Recorded information:
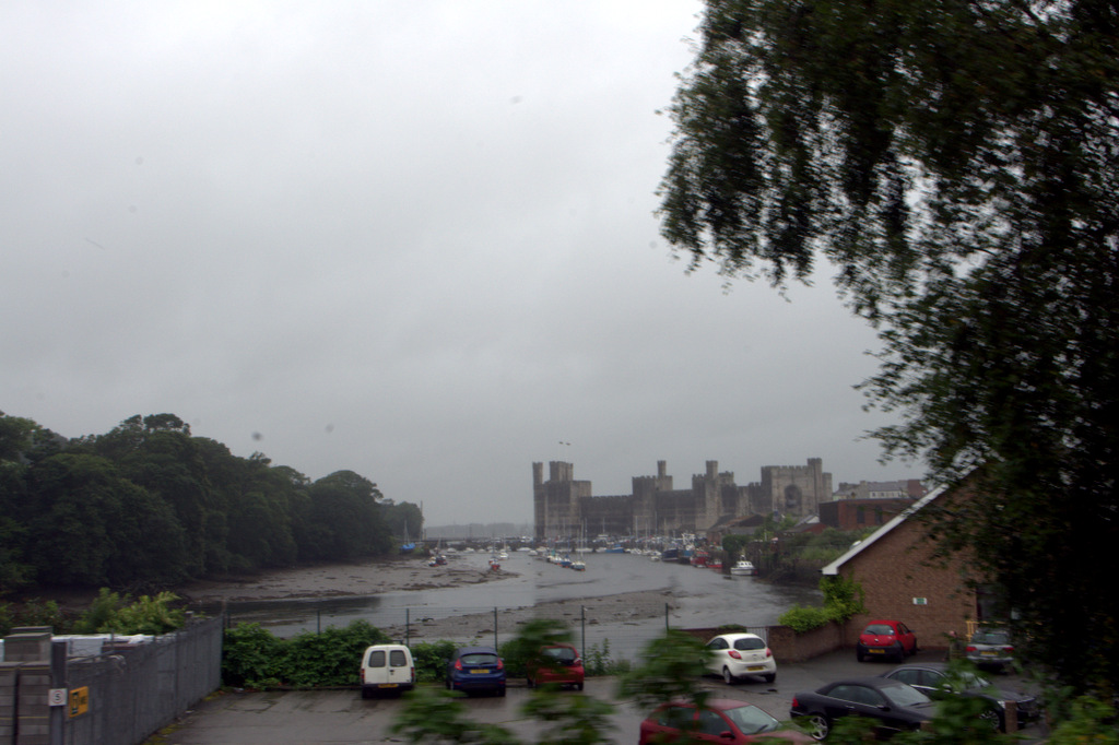 Caernavon Castle from the railway (dust on the film sensor, grrr!) |
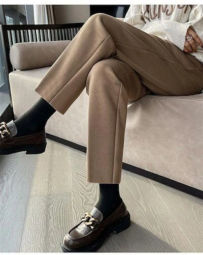 テーパードパンツ レディース パンツ 秋冬 ロングパンツ 裏起毛 長ズボン ボトムス スラックス 無地 ポケット付き ズボン 体型カバー ロング丈 ハロンパンツ ハイウエスト 暖かい カジュアルパンツ
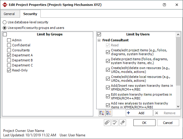 5. For the example shown below, users from Department A will have read/write access (because they belong to the "Department A" security group), users from Departments B and C will have read-only access (because they belong to the "Read-Only" security group) and Fred Consultant will have read/write access (because he belongs to the "Consultants" security group and has been specifically assigned to have those permissions in this project).

What is expected: Could you repeat all of the material exactly? Pictures should not be copied.

Task output:
 Caernavon Castle from the railway (dust on the film sensor, grrr!) |
 テーパードパンツ レディース パンツ 秋冬 ロングパンツ 裏起毛 長ズボン ボトムス スラックス 無地 ポケット付き ズボン 体型カバー ロング丈 ハロンパンツ ハイウエスト 暖かい カジュアルパンツ
 5. For the example shown below, users from Department A will have read/write access (because they belong to the "Department A" security group), users from Departments B and C will have read-only access (because they belong to the "Read-Only" security group) and Fred Consultant will have read/write access (because he belongs to the "Consultants" security group and has been specifically assigned to have those permissions in this project).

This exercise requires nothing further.